Sebastiaan Braat

Personal information
- Full name: Thomas Sebastiaan Braat
- Born: 14 November 1992 (age 33) Vlaardingen, Netherlands
- Batting: Right-handed
- Bowling: Right-arm medium-fast
- Role: Bowler
- Relations: Marloes Braat (sister)

International information
- National side: Netherlands;
- T20I debut (cap 47): 5 August 2019 v UAE
- Last T20I: 24 April 2021 v Nepal

Career statistics
| Competition | T20I | FC | T20 |
| Matches | 6 | 2 | 6 |
| Runs scored | 32 | 28 | 32 |
| Batting average | 16.00 | 14.00 | 16.00 |
| 100s/50s | 0/0 | 0/0 | 0/0 |
| Top score | 26* | 23 | 26* |
| Balls bowled | 108 | 162 | 108 |
| Wickets | 9 | 0 | 9 |
| Bowling average | 18.00 | – | 18.00 |
| 5 wickets in innings | 0 | – | 0 |
| 10 wickets in match | 0 | – | 0 |
| Best bowling | 3/26 | – | 3/26 |
| Catches/stumpings | 1/– | 0/– | 1/– |
- Source: Cricinfo, 27 May 2021

= Sebastiaan Braat =

Dutch cricketer

Thomas Sebastiaan Braat (born 14 November 1992) is a Dutch international cricketer who made his debut for the Dutch national side in July 2012. He is a right-arm pace bowler.

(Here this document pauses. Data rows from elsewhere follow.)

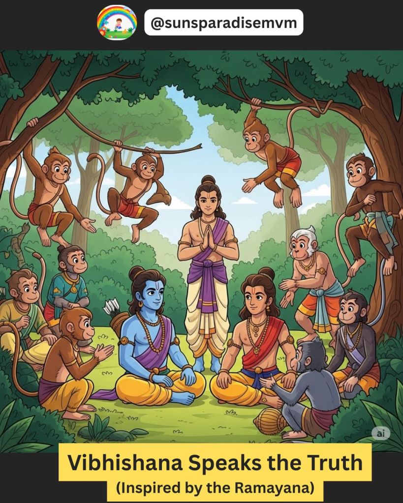 Vibhishana was Ravana’s younger brother. He lived in Lanka, but his heart was kind. When Ravana brought Sita to Lanka, Vibhishana felt very upset.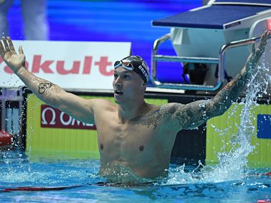 Gwangju: American Caeleb Dressel retained his world men’s 100 metres freestyle crown Thursday, collecting his third gold medal of the week. The 22-year-old, who swept to seven world titles two years ago, clocked a blistering 46.96 seconds in Gwangju to win swimming’s blue riband event in the second fastest time ever, with Olympic champion Kyle Chalmers taking silver. [caption id=“attachment_7056961” align=“alignleft” width=“380”] USA’s Caeleb Dressel celebrates winning the final of the men’s 100m freestyle event. AFP[/caption] Dressel high-fived Australian rival Chalmers before perching himself on the lane rope as he milked the applause, raising a fist to flag-waving American fans. Chalmers touched in 47.08 with Russia’s Vladislav Grinev the best of the rest in 47.82. Rio gold medallist Chalmers came into the world championships on fire, but Dressel exploded from the blocks and was half a body length in front at the turn. Chalmers tried to fight back but Dressel had too much of a lead and the tattooed pin-up romped home to claim his fourth medal of the week.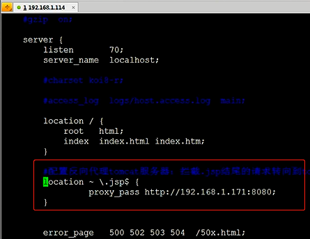 你看这儿,这不就是动静分离吗,你只要访问我的域名,当然我这里是localhost,你访问我70端口的时候,请求是不是都进来了请求都进来之后,通过location进行过滤,如果你是一个斜杠/,匹配上了的话,当然这块你可以自己去写正则表达式,访问jpg,js结尾的,图片直接仍得到nginx服务器上,静态的,包括js,css,访问直接走这里就行了,$符号表示什么结尾,开头是^这个,\.,因为.得转义一下,你这个.jsp结尾的请求,你都得给我转到这下面,看见了吗,这个服务器一定是http的位置,然后这个proxy_pass这个配置项,代理的key,proxy_pass是固定的,value是你自己随便来的,我这里是114,那我这里就直接这么去写吧,只要你是.jsp结尾的请求,都给我转向到114的8080,可能他也是一个服务,一回我再解压一个tomcat,你就会发现了,配置就这么简单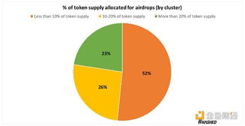 大多数项目分配的代币供应量低于 10% 用于空投,其次是 26% 的项目在 10-20% 的范围内,23% 的项目在 >20% 的范围内。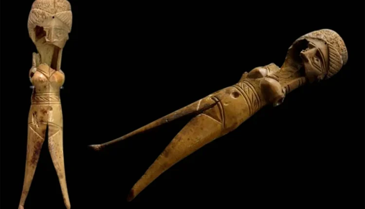 يبلغ طول هذا التمثال 17.5 سنتيمتراً، ويظهر عند طرف كل من كتفيه ثقب دائري، ويوحي هذان الثقبان بأن هذا المجسّم المصنوع من العظم كانت له أطرافٌ مفصليّةٌ مستقلّة صُنعت من مواد قابلةٍ للتلف، والأرجح أنها كانت من الخشب. يُعرف هذا الطراز من التماثيل الأنثوية المنمنمة بالدمى المتحرّكة، ويتميّز بذراعين تمّ ربطهما بالصدر بواسطة خيوط، ممّا يسمح بتحريكهما. يعود أقدم شواهده الأصلية إلى الألفية الثالثة قبل الميلاد، مصدرها مصر، وتشكّل هذه الشواهد أساساً للتقليد المتّبع حتى يومنا هذا في صناعة اللعب. وصل هذا التقليد كما يبدو إلى البحرين منذ تلك الفترة الموغلة في القدم، كما تشهد قطعة عاجية استثنائية من محفوظات المتحف البريطاني في لندن، تعود إلى الألفية الثانية قبل الميلاد. وصل هذا التمثال بشكل مجتزَأ، ويبلغ طوله 21 سنتيمتراً، ومصدره المقبرة الشهيرة بـ«تلال مدافن دلمون»، وهي حقل تلال مدافن عالي الشرقي، نسبةً إلى مدينة عالي في المحافظة الشمالية، وتقع في وسط البحرين، إلى جنوب مدينة عيسى، وإلى شمال مدينة الرفاع.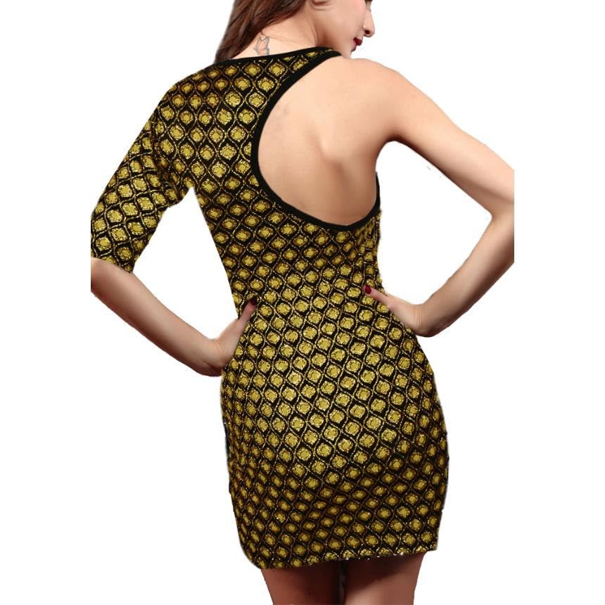 Generic - فستان قصير سوارية لامع بيزو بكم واحد ، للنساء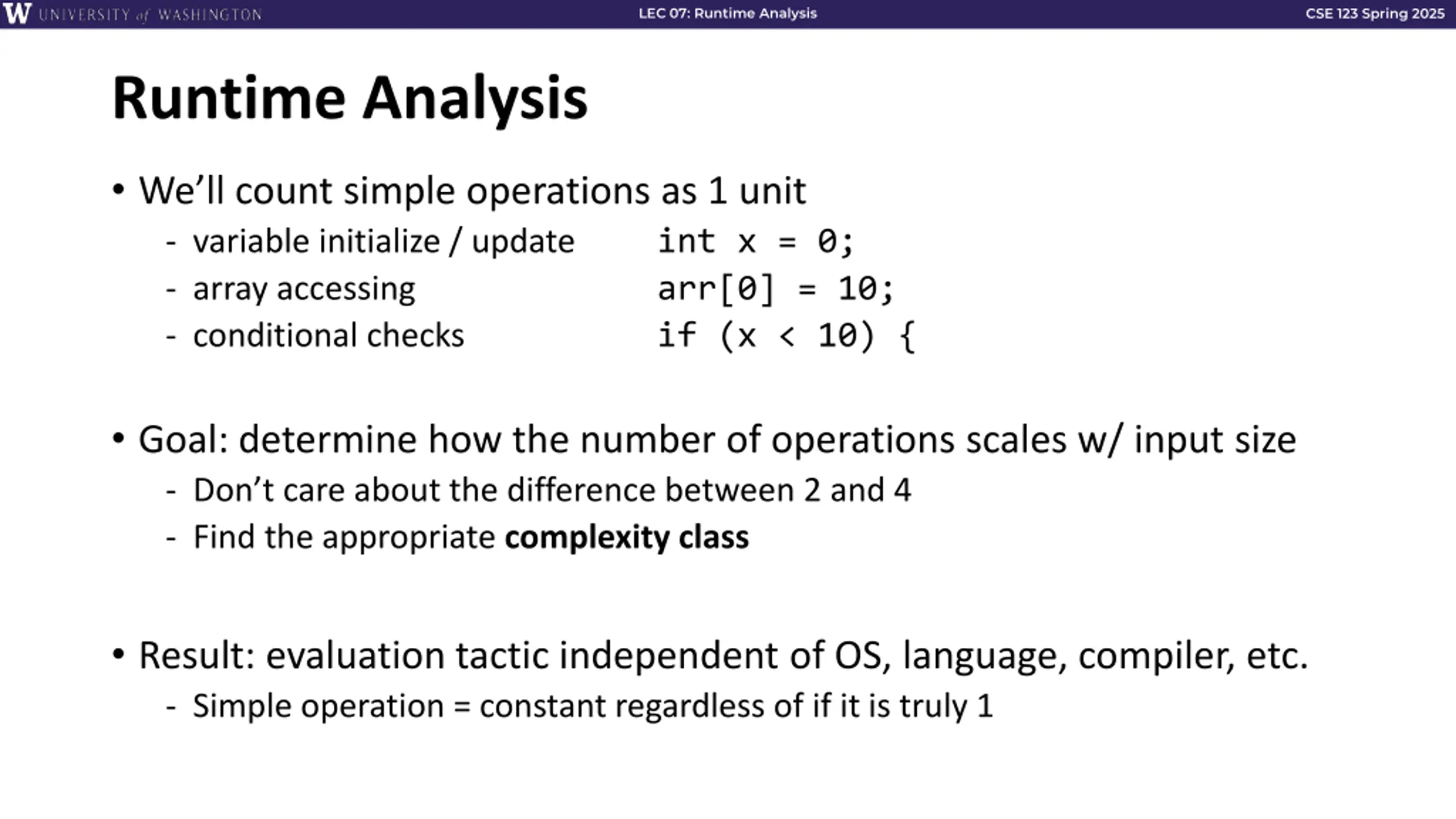 LEC 07: Runtime Analysis CSE 123 Spring 2025 Runtime Analysis We ll count simple operations as 1 unit - variable initialize / update - array accessing - conditional checks int x = 0; arr[0] = 10; if (x < 10) { Goal: determine how the number of operations scales w/ input size - Don t care about the difference between 2 and 4 - Find the appropriate complexity class Result: evaluation tactic independent of OS, language, compiler, etc. - Simple operation = constant regardless of if it is truly 1

The younger brother of Marloes Braat, who played for the Dutch women's team, Braat was born in Vlaardingen, South Holland. He represented the Dutch under-19s at the 2009 and 2010 editions of the ICC Europe Under-19 Championships, and also at the 2009 Under-19 World Cup Qualifier. Braat made his senior debut for the Netherlands in July 2012, in an Intercontinental Cup fixture against the United Arab Emirates (which held first-class status). He played a second Intercontinental Cup game the following year, against Ireland.

In July 2019, he was named in the Dutch squad for the Twenty20 International (T20I) series against the United Arab Emirates. He made his T20I debut against the United Arab Emirates on 5 August 2019. In April 2020, he was one of seventeen Dutch-based cricketers to be named in the team's senior squad.